The North Korean People's Army's firing gradually ceased, and the Marines began to clear the battle.As planned, they captured the city center, the roads west of the city and all commanding heights and tall buildings.Their total casualties were 196: 20 killed, 1 unaccounted for, 1 missing, and 174 wounded.KPA losses were estimated at 1 killed, wounded or captured.
MacArthur won the bet.By the end of the night, some 1.8 U.S. troops had landed, along with tons of supplies and dozens of tanks and other vehicles.Now the attacking force could move on to its second objective: the capture of Seoul and the arteries through it.At this time, MacArthur not only had the opportunity to recapture the South Korean capital, but also swept the entire Korean peninsula eastward, trapping the North Korean army in the south.

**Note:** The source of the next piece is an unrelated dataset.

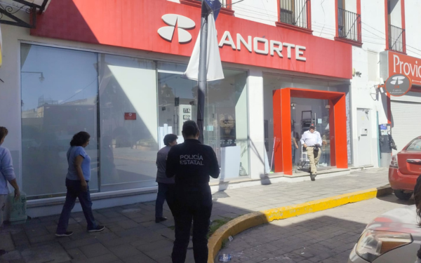 El incidente se registró este martes a las 13:30 horas aproximadamente en la sucursal bancaria ubicada en la Privada Bernardo Picazo, en el centro de San Onofre.

MacArthur's clever stroke appears to have changed the course of the war.He was praised from all sides, including the praise of the Joint Chiefs of Staff, but these praises often avoided mentioning the two facts that the landing was successful: the heavy bombardment of the naval artillery before the landing, the rain of bombs and rockets, making the moon Ojima and Incheon were a smoke-filled ruin; moreover, the North Koreans left only a garrison force to defend the city.Clearly, the North Korean People's Army was far more determined to drive the 8th Army out of the Pusan perimeter than to defend Incheon.The North Koreans are now under attack, and a powerful American army is sweeping across North Korea.
Marines advance inland
The day after the landing day, the Marine Corps planned to leave Incheon as soon as possible, and the South Korean Marine Corps, which arrived by boat starting on the morning of September 9, took over the city.

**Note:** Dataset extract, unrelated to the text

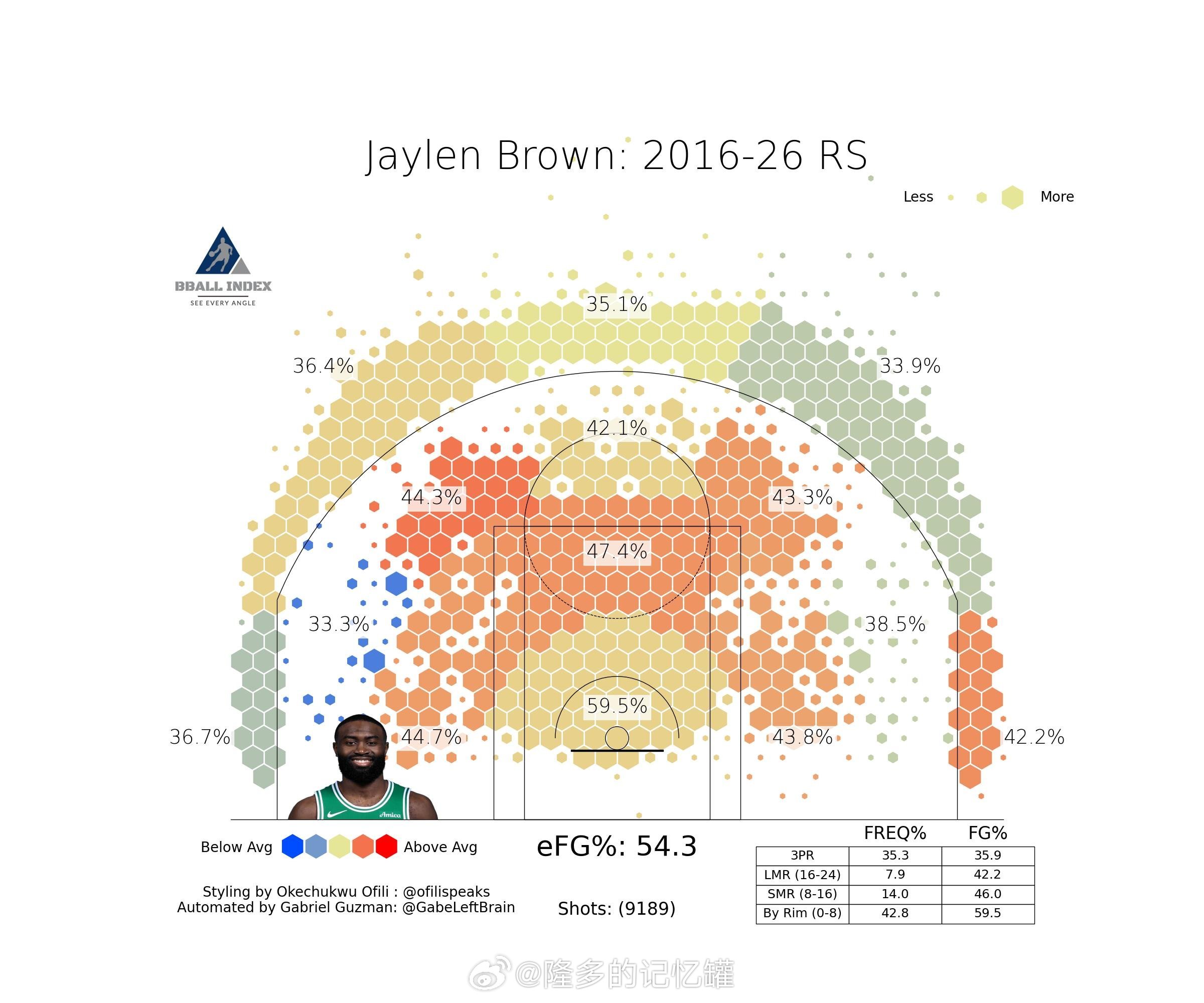 杰伦·布朗职业生涯投篮数据(截至今日):

In North Korea, terrain often determines tactics.Incheon is situated on a gnarled peninsula. Three miles inland, tidal bays, sticky mudflats, and salt pans appear on the north and south sides of the peninsula, making the peninsula narrow and passable on firm ground. Only 3 mile wide.The 1-mile narrow gravel road from Incheon to Seoul runs parallel to a railway.The road and rail pass first through Susa, the American "new city" of corrugated iron prefabs and warehouses that the military has long used as a logistics base; then to Gimpo Airport, Seoul's main airport .The Marines' goal was to traverse the 25-mile strip and capture Seoul before the North Korean People's Army brought in reserves to smash the beachhead.